It is only a short walk to the station and then the first of our two train journeys. Fortunately the transit through Lille-Flandres is only 20 minutes this time - just enough time to find the right platform and settle into our TGV carriage for the direct journey to Paris Charles de Gaulle Airport. 

On the train
Watching the fields flash by from the TGV
Our flight to Doha does not depart until 4pm so we are absurdly early but we wanted to catch a direct train to the airport rather than lug suitcases around train stations in Paris. It is the right decision in the end even though we reach the airport so early that the airline counter hasn't even opened for check-in. So we find a seat in the bustling departures hall to wait. There is nothing to do for 45 minutes except watch with some bemusement while a group of Chinese tourists takes turns photographing each other (individually and in every permutation with other members of the group) on a particular flight of steps. The locals are obviously equally puzzled as they try to navigate their way past the beaming and selfie-snapping tourists on the stairs. All the more bizarre because there is nothing especially aesthetic about the staircase and the airport terminal itself is grey and featureless. 


We're happy when we can finally check-in our luggage and make the most of our Business Class perks...! Like getting fast-tracked through Immigration and wonder of wonders, sitting in the absolutely stunning and serene surrounds of the club lounge until it is time to board the plane. When we arrive in the lounge, we are the only passengers there so we get spoilt with personal service in the rooftop restaurant ... including a lunch buffet just for us. 

This is the life!
Enjoying the airy lightness of the Qatar Airways Business Class Lounge at CDG Airport

When boarding time does eventually roll around, we settle into our seats for the 6.5 hour flight to Doha and look forward to peace and quiet... until the large group of unaccompanied children rolls into the cabin higgledy-piggledy. Not really unaccompanied as they have with them several nannies and also male minders (Security? Valets?). Maybe their parents are sitting in the very pointy end of the plane in the peace of their own suites but it takes an age for the kids to finally settle and it is only after tears and lots of shouting, including stern words from various adults, before they are sufficiently secured in their seats for take-off. Ross and I look silently at each other with fear in our eyes for the hours ahead, but fortunately the kids are reasonably well behaved during the flight. They only start getting fidgety again and excitedly stomp up and down the aisles a little while before we land.

Creature comforts!
Settling in for the long journey
The 2.5 hour transit in Doha in the middle of the night is testing as we desperately try to stay awake until the Perth flight at 2am but soon we're on the last leg of our journey home.

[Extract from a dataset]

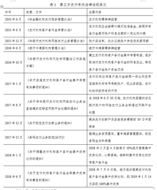 注解①:虽然学界对第三方支付的定义存在争议,本文将第三方支付定义为与各大银行签约的、有线上技术支持的、作为连接收款人和付款人的中介所提供的相关支付服务,包括网络支付、银行卡收单、预付卡等其他央行批准的服务。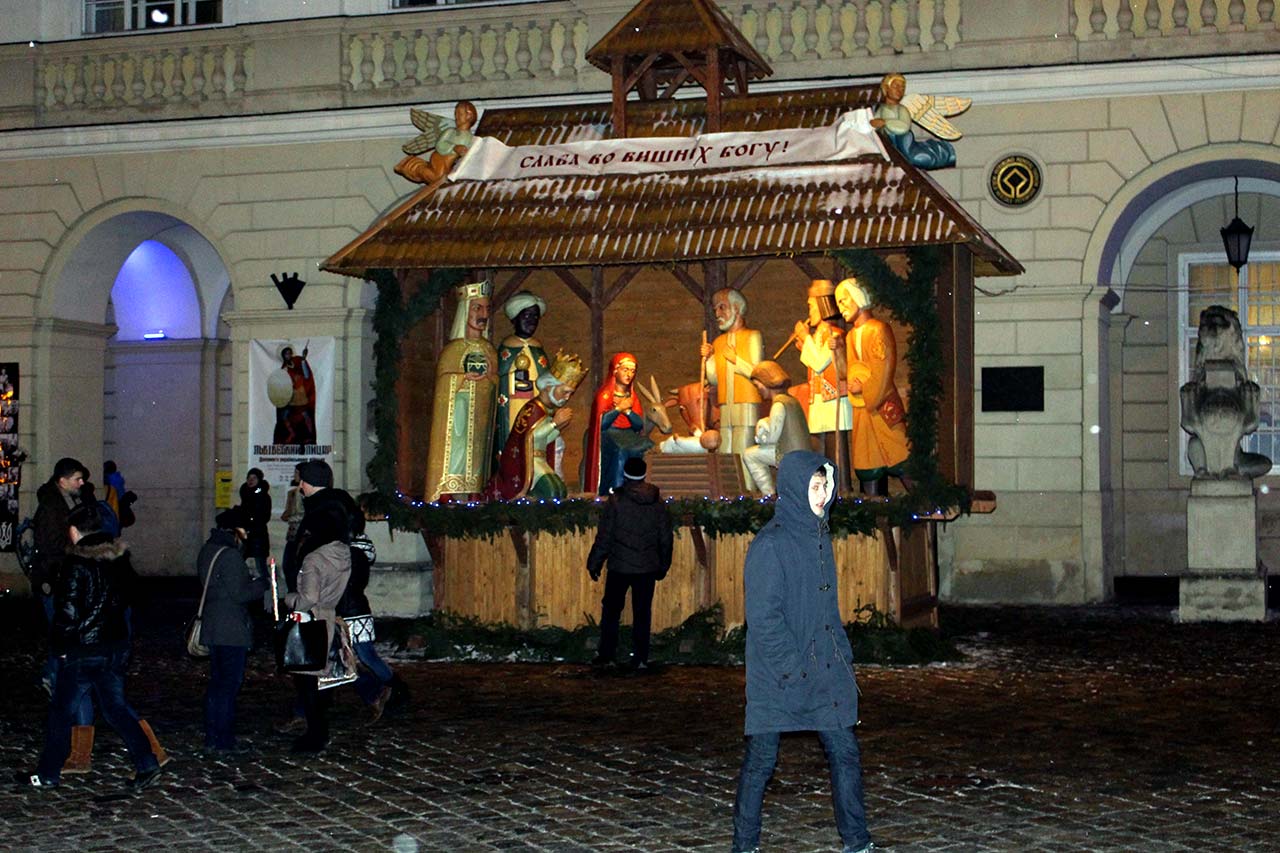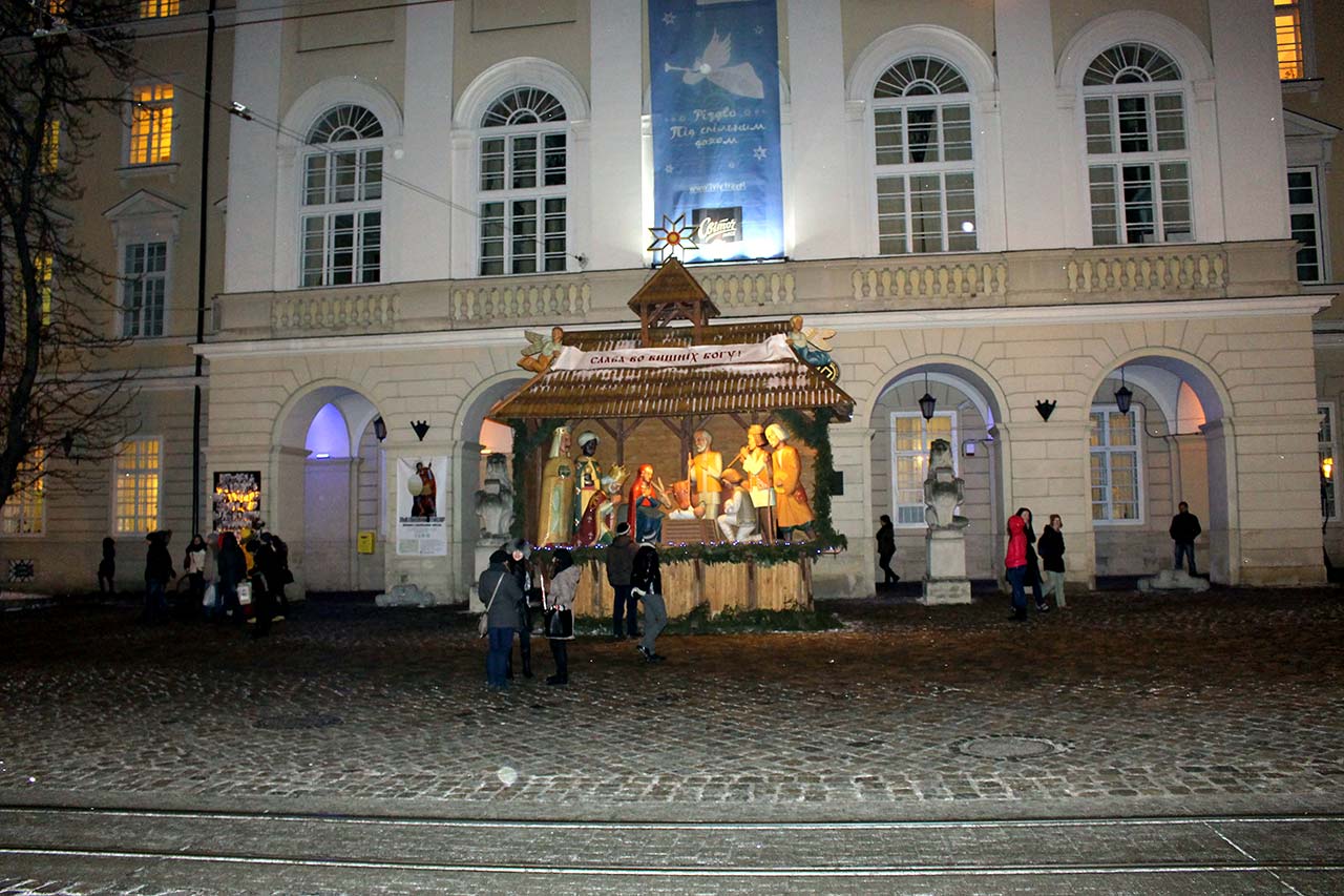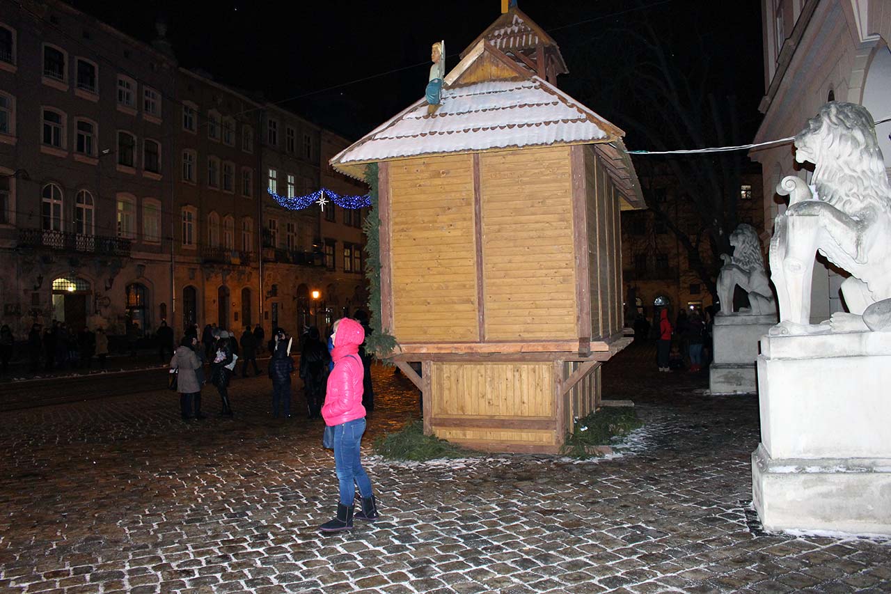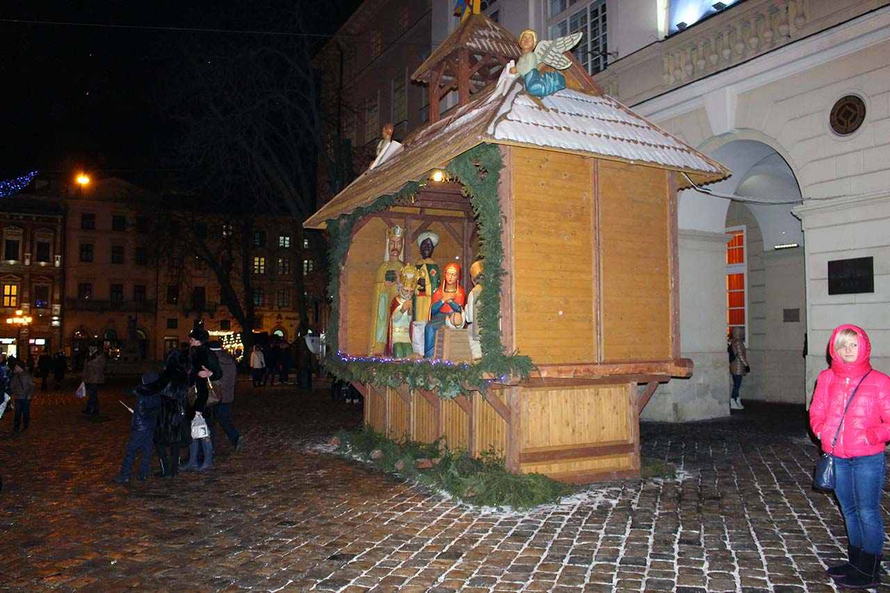 Різдвяна шопка, що стоїть на площі Ринок біля входу в Ратушу з 24 грудня, ще 2014 року, набуває найбільшої актуальності саме в сьогоднішній вечір. Адже саме сьогодні ввечері християни східного обряду скажуть один одному “Христос Родився!” і “Славимо Його!” пролунає у відповідь.

The hours pass in a haze of broken sleep, movies, and lots of food... We are looked after extremely well but it is nonetheless a welcome feeling to finally commence our descent and feel the enticing calm and familiarity of home getting ever closer.

***
When we do finally collapse through our front door, tired and unsure whether it's night or day, it's with a happy sigh. My stomach is as unhappy on arriving home as it was when we left, but we're home. Home! After a very fulfilling and wonderful, wonderful trip, we are Home. 


Monday, 20 August 2018

Our last day part 2 - Ypres and the Last Post

It is only a short drive to Ypres and we enter the town through the famous Menin Gate. It's a massive structure and marks one of the main routes out of town (it is literally the gate on the road to Menin). The Lille Gate is the other. We will return here later but for now, Phil parks the car near the main square and we're free to roam about for 90 minutes until we meet up again at the gate.

Menin Gate
Entering Ypres through the Menin Gate
We're all quite awed by the buildings around the main square. Ypres is a beautiful place. It seems to have all the medieval landmarks of other places we have seen over the last week ... a grand trading hall, a cathedral, a belfry... 
Ypres
Cloth Hall, Belfry and St Martin's Cathedral

Ypres
Ypres Cloth Hall (Lakenhalle)
Ypres

Ypres

Ypres

Ypres
Buildings in Ypres
Yet what makes it all the more remarkable is that, like Arras, Ypres was in the red zone and was essentially a pile of rubble at the end of WWI. Only a handful of buildings were left untouched while the majority of medieval and renaissance buildings lay in ruins. The destruction was so complete that some believed it should never be rebuilt and instead remain a monument to the terrible cost of the war:

"I should like us to acquire the whole of the ruins of Ypres... A more sacred place for the British race does not exist in the world."
Winston Churchill (1919)
Fortunately the townspeople of Ypres pressed on with reconstruction. German reparation payments funded the rebuilding of Ypres on a pre-war footprint using plans of the old city as a guide. The painstaking reconstruction took decades. The Cloth Hall for example, was only completed in 1967.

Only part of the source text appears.